Note: An intercept, participant age at W1, and dummy variables representing gender, Caucasian race, African-American race, and Latino ethnicity also were included in the model. The full table is available upon request from the first author.

Discussion

Nationally, inhalant use is usually indicative of poly-substance use and is associated with relatively severe consequences. Accounting for inhalant use being regionally concentrated, we found that youth inhalant users tend to have different substance use careers than youth who follow a more conventional substance use pattern of initiating with alcohol or marijuana. Youth who start with alcohol or marijuana stay with alcohol and marijuana. Youth who start with inhalants are less likely to move toward alcohol; they gravitate toward harder drugs. Furthermore, inhalant use during adolescence was associated with health (suicide) and criminal (property damage, theft, injury, and drug trafficking) consequences in both adolescence and young adulthood. Thus, if we conceptualize harm progressing to the use of substances with more severe consequences or consequences directly related to substance use, then the pattern of results clearly suggest that inhalants account for unique variability in harm.
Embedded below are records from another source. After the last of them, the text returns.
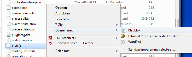 Als het bestand is gekopieerd staan er 2 (de net gekopieerde heet standaard 'prefs - kopie.js'). Klik met de rechtermuistoets op het originele bestand prefs.js en kies uit het systeemmenu 'Openen met' en vervolgens Kladblok.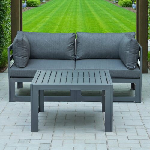 Modern L-Shaped Stain Steel Outdoor Sofa Set with Aciaca Coffee Table – Available in Gray & Black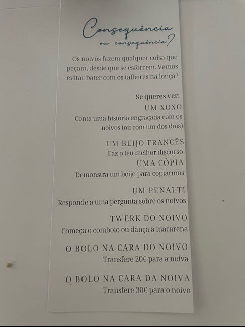 Olá noivas! Hoje trago-vos o que fizemos para identificar os lugares dos convidados. Em vez do típico menu decidimos ter jogos 🫶🏻 Ora vejam: Temos pinturas para as poucas crianças, um jogo de desafios (segunda foto) e bingo (também fizemos uma versão...

Converging lines of evidence suggest that inhalant use most often occurs after initiation of alcohol and marijuana. Similar to 75% of inhalant users in NSDUH using alcohol or marijuana at the same or younger age (Ding et. al., 2009), most inhalant users in our sample at wave one had used alcohol (68%) and marijuana (55%) at an earlier age. Alcohol use likely precedes marijuana use, as proportionally more participants who initiated with alcohol had not yet used marijuana (83%) relative to the converse (20%); and marijuana use likely precedes inhalant use, as proportionally more participants who initiated with marijuana had not yet used inhalants (91%) relative to the converse (46%). Participants who progress to inhalant use keep using the previously used substances.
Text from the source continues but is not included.